The promise to be my best friend was being held over me as a bribe, but I had no interest in taking it.  And this, in 1985, was my introduction to friendship.  Twenty-five years later, I don’t have acquaintances offering their conditional friendship.  Because I know, just like I did as a 4 year-old, friendship shouldn’t have to be conditional.

Yet I still see some complication in adult friendships.  When the relationship is perfectly mutual, 50/50, that’s when things come easy.  But looking back on my lifetime of friendships, even starting around age 10, I can think of several friendships where it wasn’t a 50/50 deal.

I was always the one going to their house; they wouldn’t come to mine.  I was always the one to call them; they wouldn’t call me.  I was always the one to set up plans; they didn’t include me in their own.  I took the initiative in the friendship.  And I never questioned the authenticity of us being friends.  Because it’s in my nature to be the initiator, the one who calls first, the planner.

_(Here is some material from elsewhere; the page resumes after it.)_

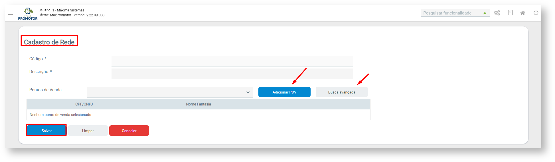 1.3 Preencha os dados da Rede, conforme a necessidade, lembrando que os campos que possuem o asterisco ( * ), são de preenchimento obrigatório. Em seguida adicione as lojas que pertencem a esta rede, clicando na opção Adicionar PDV ou em Busca Avançada. Após adicionar as lojas da Rede, clique no botão Salvar.

But by high school, I realized that I felt I was having to “earn” certain friendships.  That I was having to prove myself good enough, or even more illogically, that I was cool enough for them.

It all goes back to the summer of 1988 when my mom took my sister and I to this lady’s house to both choose a pet cat for ourselves.  We got out of our Bronco II and went into the friendly woman’s kitchen, where we saw a litter of kittens.

For some reason I was always drawn to the orange cats (probably had something to do with Morris the Cat).  So I wanted the orange cat in the litter.  I stretched my arm to him.  The orange cat seemed indifferent towards me.  While that was happening, my mom must have noticed the white and brown spotted cat fighting for my attention:  “Nick, pick the cat that comes to you on his own.”  So I walked away with that cat.  I named him Gabriel.  He liked me.

Most importantly, from that day I learned a valuable lesson about relationships:  Choose to be close to the people that show the most interest in you.  Because that’s a sign of a good friend.  Choosing my friends this way has definitely paid off.

And sure enough, the few times I did spend effort on recruiting an “orange cat” for a friend (applies to romantic interests as well) it never worked out.  My Orange Cat Theory has proven true in my own life.  When it all comes down to it, Morris the Cat isn’t as cool as he thinks he is.

The Orange Cat Theory:

As opposed to choosing a relationship based on your own preconceived notions about someone who seems really cool but causes you to reach out to them, instead look around first to see if someone is reaching out for you.  Choose “the cat that comes to you on their own”, not the orange cat.